'''

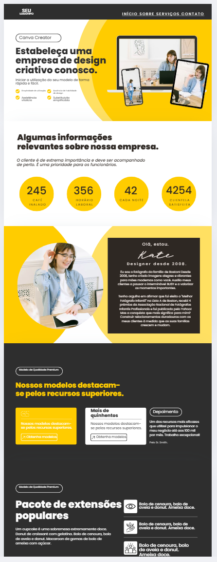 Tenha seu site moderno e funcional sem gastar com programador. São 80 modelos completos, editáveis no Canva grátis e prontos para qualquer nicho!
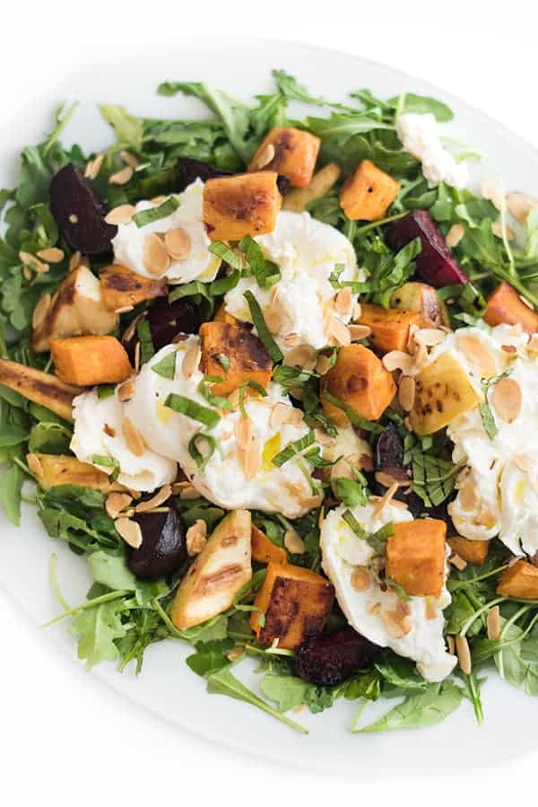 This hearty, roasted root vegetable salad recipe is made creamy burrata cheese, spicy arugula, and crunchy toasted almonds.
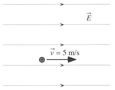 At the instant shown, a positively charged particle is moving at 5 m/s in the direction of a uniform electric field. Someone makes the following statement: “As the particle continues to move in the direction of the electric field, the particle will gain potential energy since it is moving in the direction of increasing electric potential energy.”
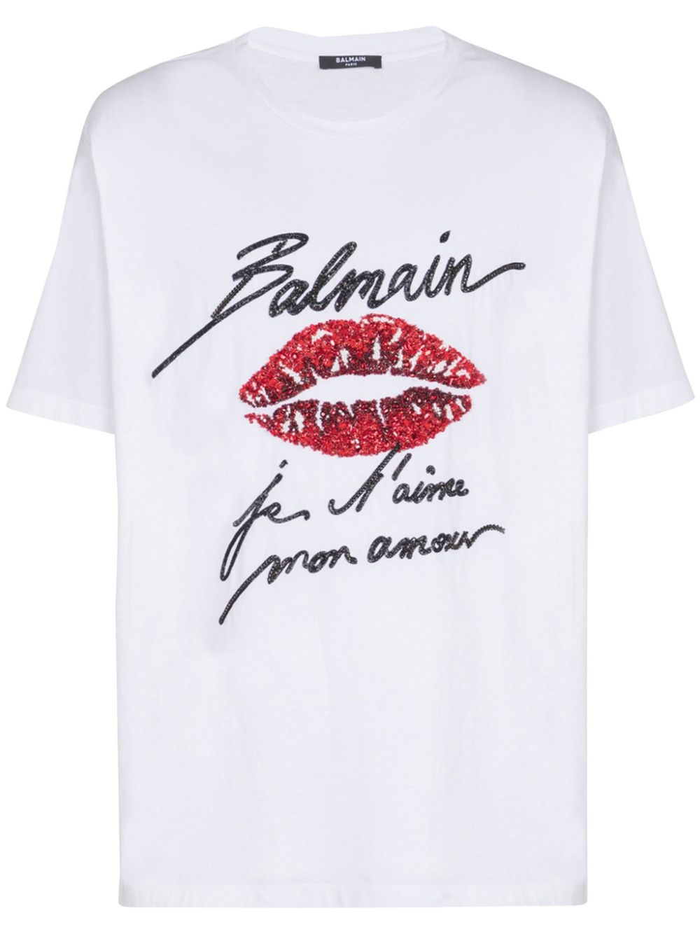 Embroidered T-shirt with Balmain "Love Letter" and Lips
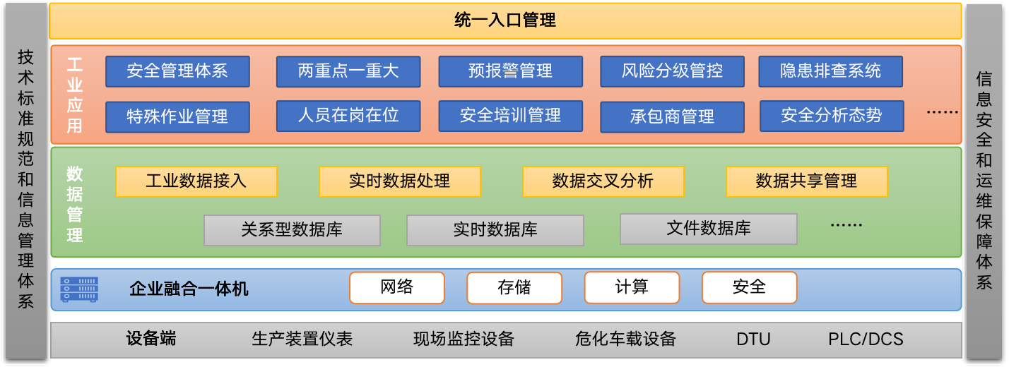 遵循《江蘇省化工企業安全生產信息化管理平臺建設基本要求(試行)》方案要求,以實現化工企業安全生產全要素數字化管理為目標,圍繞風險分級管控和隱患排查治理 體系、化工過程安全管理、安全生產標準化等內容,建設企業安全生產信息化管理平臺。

'''

→ Task to complete:
Leaving pictures aside, give again word for word each line from the one with "Embroidered T-shirt with" to the final line of the entries.

→ Response:
 Embroidered T-shirt with Balmain "Love Letter" and Lips
 遵循《江蘇省化工企業安全生產信息化管理平臺建設基本要求(試行)》方案要求,以實現化工企業安全生產全要素數字化管理為目標,圍繞風險分級管控和隱患排查治理 體系、化工過程安全管理、安全生產標準化等內容,建設企業安全生產信息化管理平臺。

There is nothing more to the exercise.